His belly wide open, a triumphant screech came from the dark-thing, and its teeth dived close, bit and shredded the poor dwarf's skin, as much leather as his jerkin. Something lashed at his face, and cut him deep, and he screamed a bitter noise. It was quick and dirty, and he had no time to shout any resolute oratory or cutting litany. The struggle was simple seconds of focussed, pained rebuke, and he was sorely outmatched. Then came a singular thought - and if he had then looked upon himself from above, he almost would have judged his body as being too eager to jump to it.
Balalin wrapped his left arm around the squirming shadow-stuff, blind eyes blessed to not see the cruel form by his face. His right arm struggled with the greatsword, now pulling it free, and then hammering that solid pommel into the pale stone ceiling. With terrible speed, again and again he was savaged, and again and again he battered the rock, until with a low, slow shudder the stones woke and came down. The cracking of the mountain roots matched the victory squeal of the shadow-thing, as Balalin's final breath let out. His brains came with it, pouring out of his broken skull and over his cracked lips that were pressed in a perverse kiss to the terror's slime and razor-scale. The great boulders pressed downwards slowly, for the jagged surfaces that splintered and broke slowed them, and they came as if reluctant to finally claim their stone brother.

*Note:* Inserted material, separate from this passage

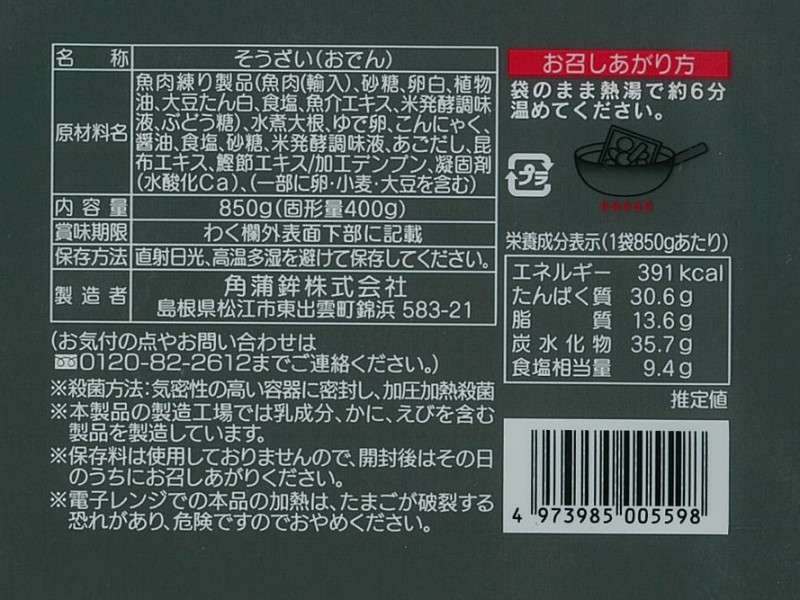 | 原料の産地 | 練製品(インド・ベトナム・アメリカ) 卵(国産) こんにゃく(国産) |

Squeal turned to screech as the dark form found itself trapped in the shrinking space. The ancient dwarf's flesh would quickly rot away, but his shattered skeleton would yet be bent in grip. It would be some time before the grasping tongues of shadow would pull themselves through the cracks of pale stone and bone. Alone, buried by rockfall, Balalin perished. The cairn of white, sharp stones above him marked the temple tomb that the old dwarf had desired since his arrival in the mists. No songs on the echoing walls, no knocks on the deep doors. Some part of him he had long denied, and only recently embraced, would have felt relief at this.
"I love ye, Bal." That's what she said, young and beautiful.
"As I love ye." That's what he said, young and beautiful.
They drew hot breath in the warm room, heads hotter yet.
"But I cannot be selfish." He also said that.
She opened her mouth. She was angry, rejected.
"And neither should ye." He also said that, and she closed her mouth before speaking.
She left.
A hundred and seventeen years later, so did he.